What “AAV genome integrity” actually means
In the rAAV context, genome integrity refers to the extent to which encapsidated vector genomes match the intended construct from ITR to ITR, without unwanted truncations, rearrangements, chimeric sequences, or mis-packaged non-vector DNA. This matters because AAV preparations are rarely composed only of perfectly full particles carrying a single uniform genome species. Modern analytical and sequencing studies show that rAAV lots can contain a mixture of full-length genomes, partial genomes, rearranged genomes, and other heterogeneous packaged species.
It is important to separate genome integrity from related but distinct measurements. Vector genome titer asks how many genomes are present. Empty/full capsid analysis asks how many capsids contain nucleic acid. Genome integrity asks whether the nucleic acid inside the capsid is the right size and sequence architecture. A sample can have an acceptable titer and still contain a substantial fraction of incomplete or abnormal genomes.
Why genome integrity matters
Genome integrity matters first because it affects biologic activity. If a meaningful fraction of capsids package truncated or rearranged genomes, the number of functionally useful particles may be lower than the nominal genome titer suggests. That creates a disconnect between measured dose and effective dose.
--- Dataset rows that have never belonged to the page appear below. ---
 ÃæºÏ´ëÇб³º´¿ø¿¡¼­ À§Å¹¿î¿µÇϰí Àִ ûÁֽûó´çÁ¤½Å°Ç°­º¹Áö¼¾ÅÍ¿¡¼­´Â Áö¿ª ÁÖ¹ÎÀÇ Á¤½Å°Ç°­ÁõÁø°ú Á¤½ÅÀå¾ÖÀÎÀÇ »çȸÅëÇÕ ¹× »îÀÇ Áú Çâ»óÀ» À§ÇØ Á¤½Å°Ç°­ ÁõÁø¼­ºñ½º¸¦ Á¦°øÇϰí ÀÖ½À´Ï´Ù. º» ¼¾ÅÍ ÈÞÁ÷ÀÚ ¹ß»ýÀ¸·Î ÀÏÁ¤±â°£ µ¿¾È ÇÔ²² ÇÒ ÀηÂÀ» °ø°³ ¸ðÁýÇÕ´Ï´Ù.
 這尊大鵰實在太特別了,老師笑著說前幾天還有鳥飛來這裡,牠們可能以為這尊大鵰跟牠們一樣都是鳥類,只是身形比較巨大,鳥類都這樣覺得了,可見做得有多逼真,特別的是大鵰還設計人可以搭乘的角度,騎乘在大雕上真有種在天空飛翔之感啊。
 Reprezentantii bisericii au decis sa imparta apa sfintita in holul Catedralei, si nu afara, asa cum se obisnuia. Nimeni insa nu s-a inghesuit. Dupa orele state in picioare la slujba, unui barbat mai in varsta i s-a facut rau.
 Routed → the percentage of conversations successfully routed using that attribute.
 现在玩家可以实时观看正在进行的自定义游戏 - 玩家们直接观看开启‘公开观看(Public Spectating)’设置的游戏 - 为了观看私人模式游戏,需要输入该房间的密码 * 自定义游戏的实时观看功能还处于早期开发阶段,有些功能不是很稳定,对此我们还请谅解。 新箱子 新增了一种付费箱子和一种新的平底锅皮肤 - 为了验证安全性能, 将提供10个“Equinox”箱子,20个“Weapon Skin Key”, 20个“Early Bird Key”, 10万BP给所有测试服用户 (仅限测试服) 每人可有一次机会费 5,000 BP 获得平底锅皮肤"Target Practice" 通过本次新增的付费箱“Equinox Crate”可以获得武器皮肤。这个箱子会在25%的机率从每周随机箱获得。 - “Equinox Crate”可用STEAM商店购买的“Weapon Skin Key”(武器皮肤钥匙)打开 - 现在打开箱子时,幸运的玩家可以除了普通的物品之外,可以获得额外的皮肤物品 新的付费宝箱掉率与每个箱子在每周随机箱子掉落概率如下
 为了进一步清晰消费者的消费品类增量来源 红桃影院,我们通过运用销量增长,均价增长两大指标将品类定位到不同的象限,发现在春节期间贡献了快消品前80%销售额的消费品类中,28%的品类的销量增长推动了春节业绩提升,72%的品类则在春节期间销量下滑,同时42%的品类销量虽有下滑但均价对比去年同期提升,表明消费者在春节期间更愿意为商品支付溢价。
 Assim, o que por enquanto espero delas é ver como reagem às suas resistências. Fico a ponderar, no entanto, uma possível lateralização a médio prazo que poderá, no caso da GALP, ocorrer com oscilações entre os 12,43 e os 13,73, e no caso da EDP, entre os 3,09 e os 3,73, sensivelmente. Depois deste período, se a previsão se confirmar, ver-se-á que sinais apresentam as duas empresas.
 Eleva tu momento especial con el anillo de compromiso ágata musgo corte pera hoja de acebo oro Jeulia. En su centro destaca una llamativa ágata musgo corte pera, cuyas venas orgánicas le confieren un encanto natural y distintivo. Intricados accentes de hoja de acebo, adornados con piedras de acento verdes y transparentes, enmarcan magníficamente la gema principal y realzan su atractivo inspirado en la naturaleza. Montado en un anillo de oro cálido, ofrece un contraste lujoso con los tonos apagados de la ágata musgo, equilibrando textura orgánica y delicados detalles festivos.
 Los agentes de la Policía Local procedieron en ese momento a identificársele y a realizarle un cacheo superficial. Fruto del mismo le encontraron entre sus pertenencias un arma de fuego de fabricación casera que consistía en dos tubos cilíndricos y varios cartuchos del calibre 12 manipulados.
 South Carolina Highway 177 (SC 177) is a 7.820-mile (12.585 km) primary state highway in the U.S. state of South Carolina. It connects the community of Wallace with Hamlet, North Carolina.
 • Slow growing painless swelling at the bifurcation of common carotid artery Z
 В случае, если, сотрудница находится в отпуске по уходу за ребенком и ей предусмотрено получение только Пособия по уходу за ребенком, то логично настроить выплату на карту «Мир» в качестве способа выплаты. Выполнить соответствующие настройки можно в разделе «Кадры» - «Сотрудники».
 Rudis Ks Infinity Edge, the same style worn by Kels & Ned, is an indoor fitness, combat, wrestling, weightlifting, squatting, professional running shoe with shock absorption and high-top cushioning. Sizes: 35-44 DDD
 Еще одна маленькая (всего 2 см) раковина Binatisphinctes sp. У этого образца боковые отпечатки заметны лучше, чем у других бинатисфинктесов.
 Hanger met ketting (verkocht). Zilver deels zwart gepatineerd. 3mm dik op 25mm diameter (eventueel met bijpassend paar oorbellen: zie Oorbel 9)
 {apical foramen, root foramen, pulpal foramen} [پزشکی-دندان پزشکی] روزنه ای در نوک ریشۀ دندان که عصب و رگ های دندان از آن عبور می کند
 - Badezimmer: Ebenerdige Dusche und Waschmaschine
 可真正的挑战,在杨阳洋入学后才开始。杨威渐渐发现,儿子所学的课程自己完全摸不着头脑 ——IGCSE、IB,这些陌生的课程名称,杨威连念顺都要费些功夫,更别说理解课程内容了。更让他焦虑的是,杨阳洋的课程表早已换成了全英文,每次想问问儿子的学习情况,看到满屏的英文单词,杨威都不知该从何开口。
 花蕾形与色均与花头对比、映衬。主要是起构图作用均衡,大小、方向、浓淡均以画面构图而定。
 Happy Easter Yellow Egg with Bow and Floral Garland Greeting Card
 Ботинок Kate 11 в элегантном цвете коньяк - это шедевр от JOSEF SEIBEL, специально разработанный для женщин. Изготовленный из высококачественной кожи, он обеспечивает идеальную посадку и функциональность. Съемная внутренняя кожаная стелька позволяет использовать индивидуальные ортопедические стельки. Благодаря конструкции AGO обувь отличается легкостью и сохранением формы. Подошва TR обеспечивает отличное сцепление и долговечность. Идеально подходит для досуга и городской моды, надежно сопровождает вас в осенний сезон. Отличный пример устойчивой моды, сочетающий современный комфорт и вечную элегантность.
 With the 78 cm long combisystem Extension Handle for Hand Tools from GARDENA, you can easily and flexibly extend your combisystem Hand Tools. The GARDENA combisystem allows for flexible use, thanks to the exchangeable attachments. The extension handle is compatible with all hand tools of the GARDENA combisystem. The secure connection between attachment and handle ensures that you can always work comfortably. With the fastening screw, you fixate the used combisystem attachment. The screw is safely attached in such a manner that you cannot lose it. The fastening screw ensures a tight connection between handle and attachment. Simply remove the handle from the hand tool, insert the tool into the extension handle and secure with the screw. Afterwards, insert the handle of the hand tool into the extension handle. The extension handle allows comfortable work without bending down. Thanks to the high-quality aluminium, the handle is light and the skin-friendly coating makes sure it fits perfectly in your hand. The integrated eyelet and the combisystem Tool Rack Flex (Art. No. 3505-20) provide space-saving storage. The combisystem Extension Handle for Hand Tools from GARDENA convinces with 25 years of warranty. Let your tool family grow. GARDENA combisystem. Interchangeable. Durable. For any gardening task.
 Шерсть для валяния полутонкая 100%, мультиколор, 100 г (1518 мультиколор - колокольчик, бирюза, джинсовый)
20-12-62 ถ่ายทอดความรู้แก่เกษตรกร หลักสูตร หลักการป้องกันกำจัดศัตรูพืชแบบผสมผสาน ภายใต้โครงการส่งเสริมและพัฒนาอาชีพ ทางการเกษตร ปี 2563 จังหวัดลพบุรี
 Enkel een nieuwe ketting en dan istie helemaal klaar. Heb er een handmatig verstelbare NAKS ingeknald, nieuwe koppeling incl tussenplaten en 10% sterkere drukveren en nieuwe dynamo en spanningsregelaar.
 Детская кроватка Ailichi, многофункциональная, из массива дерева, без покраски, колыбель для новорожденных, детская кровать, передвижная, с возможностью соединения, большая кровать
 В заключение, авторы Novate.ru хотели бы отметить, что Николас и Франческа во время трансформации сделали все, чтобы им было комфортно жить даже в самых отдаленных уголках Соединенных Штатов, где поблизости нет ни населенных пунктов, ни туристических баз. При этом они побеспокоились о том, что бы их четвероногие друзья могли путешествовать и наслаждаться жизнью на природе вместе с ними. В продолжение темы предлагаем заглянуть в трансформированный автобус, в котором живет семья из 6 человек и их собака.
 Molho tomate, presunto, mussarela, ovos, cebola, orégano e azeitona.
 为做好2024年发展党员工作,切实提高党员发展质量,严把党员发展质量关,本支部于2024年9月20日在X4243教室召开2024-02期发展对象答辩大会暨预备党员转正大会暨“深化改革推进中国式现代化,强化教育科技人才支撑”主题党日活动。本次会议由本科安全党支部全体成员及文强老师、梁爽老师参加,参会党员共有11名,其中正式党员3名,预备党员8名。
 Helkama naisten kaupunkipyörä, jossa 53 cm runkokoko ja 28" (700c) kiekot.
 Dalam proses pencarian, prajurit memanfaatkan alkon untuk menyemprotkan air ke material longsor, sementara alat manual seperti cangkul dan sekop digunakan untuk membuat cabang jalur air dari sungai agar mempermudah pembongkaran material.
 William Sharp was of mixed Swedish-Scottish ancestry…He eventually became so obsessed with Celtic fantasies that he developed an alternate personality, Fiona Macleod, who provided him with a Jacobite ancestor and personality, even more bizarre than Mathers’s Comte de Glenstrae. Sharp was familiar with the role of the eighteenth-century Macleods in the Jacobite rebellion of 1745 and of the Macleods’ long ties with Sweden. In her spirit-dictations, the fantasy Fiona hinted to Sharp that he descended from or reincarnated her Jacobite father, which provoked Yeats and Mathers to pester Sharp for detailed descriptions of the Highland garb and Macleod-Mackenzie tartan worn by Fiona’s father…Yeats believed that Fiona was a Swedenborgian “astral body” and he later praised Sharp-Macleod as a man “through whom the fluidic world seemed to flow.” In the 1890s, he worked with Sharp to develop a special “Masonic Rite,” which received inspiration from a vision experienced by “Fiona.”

Reviews of AAV analytical characterization now explicitly frame genome integrity as relevant to both efficacy and safety.
Second, genome integrity matters because it is closely linked to manufacturing consistency. Packaged-genome heterogeneity can arise from vector design, ITR quality, sequence context, oversized cassettes, and production-process variables. PackGene’s recent CMC article correctly reflects this broader industry view: genome size, ITR integrity, regulatory elements, and cassette architecture can all influence packaging efficiency, heterogeneity, and consistency.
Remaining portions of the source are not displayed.